Наконец жар отступил, но в нем сгорели все мои силы, я лежала в постели и пошевелиться не могла. От еды меня тошнило, и даже голову поднять, чтобы напиться, стоило неимоверного труда. Я надолго забывалась тяжким сном, а просыпаясь, не понимала, день на дворе или ночь. Позвали целительницу. О ней сохранились лишь проблески воспоминаний: темная фигура, бормочущая заклинания в полумраке, едкий запах трав, горькая жидкость, замешанная в чаше. Однажды, очнувшись, я услышала, как родители тихо переговариваются в дверях.

– Она что, может умереть?

Это мать сказала. Тело мое оцепенело, вздох замер в груди – я ждала ответа, вытаращив глаза и изо всех сил напрягая слух.

– Мы принесли жертвы богам. – Голос целительницы заставил меня вздрогнуть. – Остается только ждать.

Отец заговорил отчетливо и не думал мямлить себе под нос.

– Они уберегут ее. Беспокоиться не о чем.

Я выдохнула, ободренная уверенностью, прозвучавшей в его веских словах. От материнской же назойливой скороговорки лишь голова сильней разболелась. Я зашевелилась под одеялами – горло совсем пересохло, казалось, слипнется того и гляди.

Заметив мое слабое движение, бдительная мать мигом оказалась у постели. Одна рука скользнула мне под голову, приподняла ее, другая поднесла питье к моим губам. Вода, на этот раз просто вода, чистая, прозрачная, вкусная. Я с удовольствием отпила немного. Отец тем временем ушел. А мне уже хотелось опять заснуть, но страшно было после материнских слов. Вдруг я умру во сне?

Мать прикоснулась к моему лицу, пригладила мне волосы, ласково и бережно уложила меня на мягкие подушки. Я еще цеплялась за отцовские слова, но сон уже затягивал.

Помню ясное утро, блестящую от солнечного света, льющегося в окно, длинную дубовую столешницу. Мать уговаривает меня поесть. Но я, поджав губы, мотаю головой, отталкиваю чашу, и та грохочет по столу. А потом со звоном разбивается об пол, и мать глядит на осколки, рассыпанные по каменным плитам. Хочет вроде рассердиться, но в конце концов смеется и целует меня в лоб.

– Далеко отбросила – видно, силы к тебе возвращаются, – только и говорит она, а потом, кликнув рабыню, приказывает все убрать.

А вот самое счастливое воспоминание: мы с отцом во дворе, он берет меня на руки. Я восхищенно разглядываю золотую застежку у него на плече, что скрепляет края тончайшего шерстяного плаща пурпурного цвета, – как сверкает она на солнце! В середину врезан драгоценный камешек, а рядом высечены два крошечных воина, вступивших в поединок.

Еще у отца была пара бронзовых ножей, которыми я часто любовалась. С узорами из золота и серебра на клинках. Один украшали фигуры морских существ, их блестящие щупальца петляли по лезвию. На другом, моем любимом, изображалась охота на львов. Я поглаживала пальцем маленькие копья, сияющие золотом, серебряные щиты, оскаленную морду зверя. А отец, замечая мое любопытство, одобрительно смеялся.
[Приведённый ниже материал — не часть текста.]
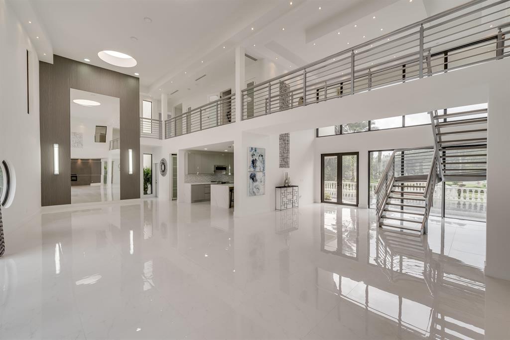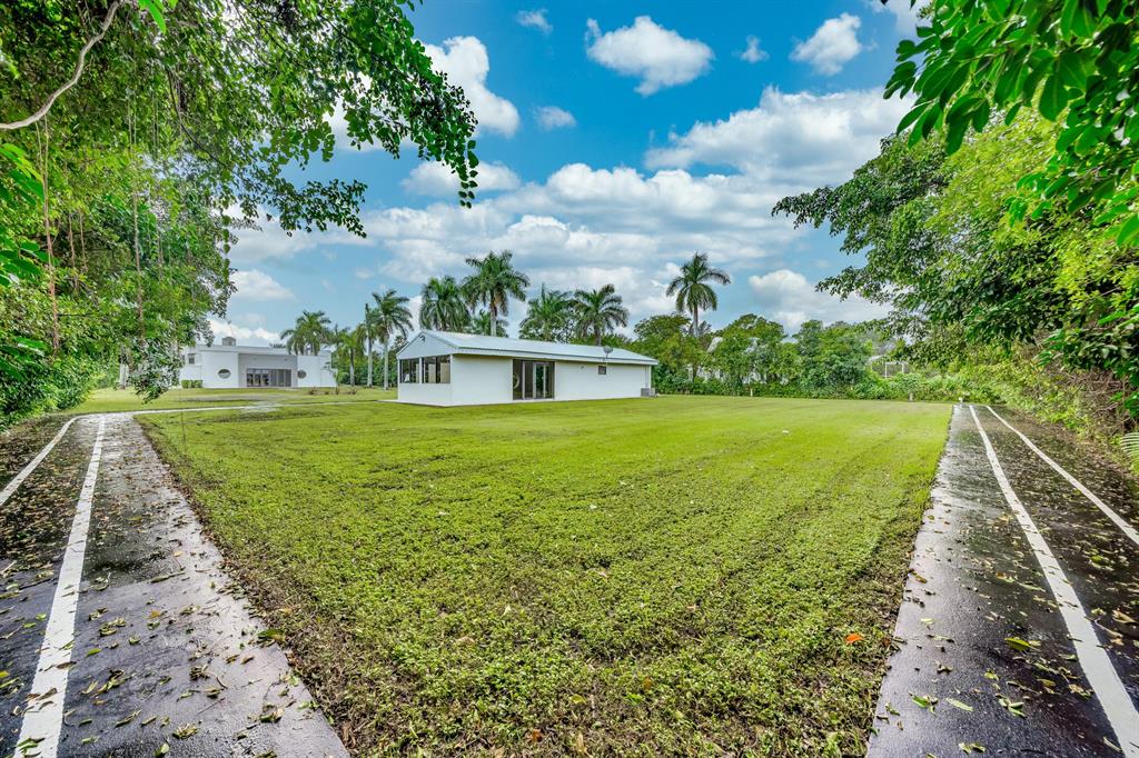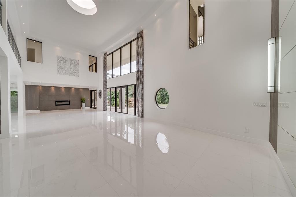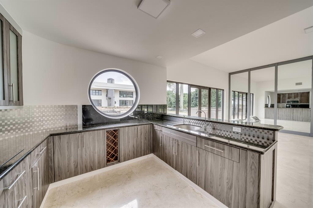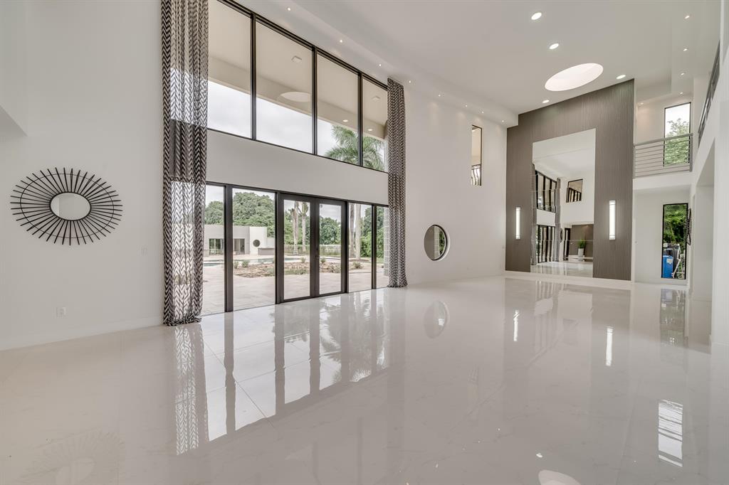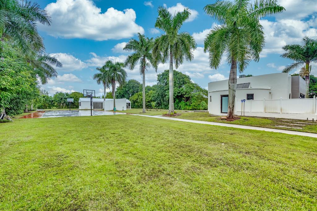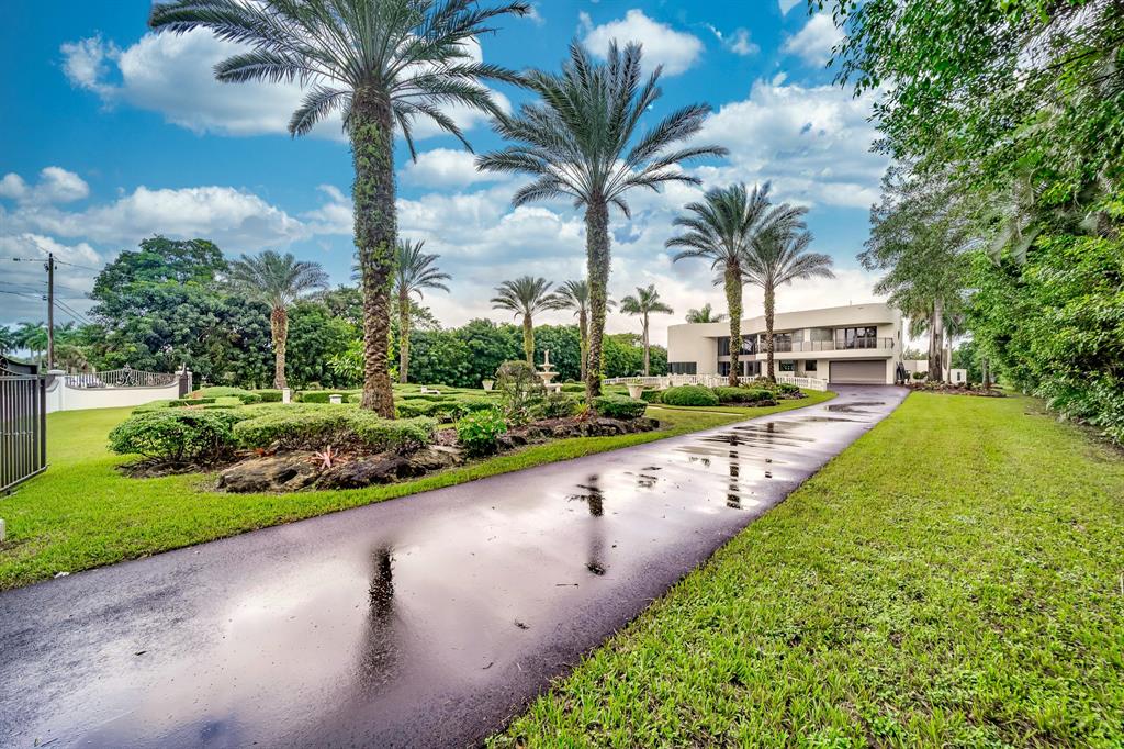 Contemporary masterpiece with 5 bed, 5.5 baths perfectly placed in the heart of Sunshine Ranches, a privately gated estate with circular driveway which sits on 2.34 acres and features the main home with over 7400 sq/ft, guest home with 1569 sq/ft and a private gym with 1306 sq/ft overlooking the pool and waterfall, tennis court and basketball court, racquet ball, running track and so much more. It is beautifully appointed with quality custom woodwork, ultra-high ceilings, porcelain floors, modern kitchen, family room, home theater, impact glass, 2 car garage and most impressive tropical landscaping

Однажды вечером мне не спалось. Где-то в дальних покоях дворца спорили родители, потом мать выбежала вон из комнаты. Одно только слово я услышала отчетливо: Елена.

7. Кассандра

Быть в Трое белой вороной я привыкла. Но каково приходится отверженным, до сего дня не знала. Другие жрицы сначала жалели помешанную, однако вскоре мои бредни о встрече с самим Аполлоном им надоели. Они уже кривились, глядя на меня, сочувствие в их глазах иссякало. Сменяясь недоверием, досадой и, наконец, ледяным равнодушием. Наверное, они думали, что я хочу привлечь внимание, потому и лгу, и устали меня слушать.

А тогда уж повели, взлохмаченную, во дворец.

– Кто это сделал? – спросил Приам. – Что с ней случилось?

Встревожившись, он готов был сию минуту послать стражей в погоню за злодеем, кем бы тот ни был. Я представила себе нелепую картину – войско Приама берет приступом Олимп – и разразилась хохотом.

– Она не в себе, – сказала Гекуба, заламывая руки. – Уложите ее в постель, кликните лекаря.

Вовсе не желая уходить, я оттолкнула женщин, уже заботливо бравших меня под руки.

– Мне явился Аполлон.

Я старалась изо всех сил держаться прямо, хоть ноги и подкашивались. Среди женщин пробежал взволнованный ропот с ноткой раздражения: сколько можно повторять эту бессмыслицу!

– Правда. Явился мне в храме. Он был там.

Я понимала, что кажусь умалишенной, но язык никак не хотел выражаться убедительней. Рассказ мой казался нелепым и невероятным даже мне самой, но чем больше я пыталась сделать истину правдоподобней, тем несуразнее она звучала.

– Он поцеловал меня. А потом…

Едва не задохнувшись, мать с застывшим лицом уставилась на меня.

– Он передал мне свой дар. И я столько всего сразу увидела!

– Чего же именно? – спросил Приам.

– Точно… не знаю. Все было как в тумане, неотчетливо.

Отец уже отводил глаза.

– Может, провидец растолкует, что тут к чему? – с сомнением обратился он к матери, но та покачала головой.

– Бог не приходит вот так. Он по-другому с нами общается. И нечего тут провидцу растолковывать. Будь это сон, тогда еще ладно, но тут ведь просто… просто выдумки. Говорить такое – значит оскорблять Аполлона. Он и на нас может разгневаться, выслушивающих подобное.

В груди моей разгоралась паника.

– К тебе он приходит во снах, а мне явился по-другому – разве не может такого быть? – воскликнула я.

– Нет! – Она резко вскочила. – Молчи, не повторяй! – Потом расправила подол, глубоко вдохнула и на мгновение закрыла глаза, призывая невозмутимость обратно. – Я уже говорила тебе, Кассандра: это не подарок. Я служу богу. Да, порой он делает меня вместилищем своих посланий, дабы провидец мог истолковать их и понять, о чем Аполлон хочет нас известить, но я в жизни не посмею утверждать, что бог сам пришел ко мне, что мне показался.

Ответ застрял у меня в горле. Почем знать, отчего он показался мне, а не ей? Я оглядела одно за другим недоверчивые лица собравшихся и вновь повернулась к родителям. С болью прочла в их глазах смешанное с любовью разочарование. А еще сильнейшее желание, чтобы я ушла и оставила эти безумные выдумки при себе. Больше я не сопротивлялась, доверилась заботам окружающих и лекарям, призванным, дабы меня успокоить, излечить овладевшее мной, как все считали, безумие. И, лежа в покойной тьме своей спальни, гадала, притупятся ли воспоминания, станут ли зыбкими, померкнут ли от зелий из трав, которыми меня напичкали, сумбурные видения.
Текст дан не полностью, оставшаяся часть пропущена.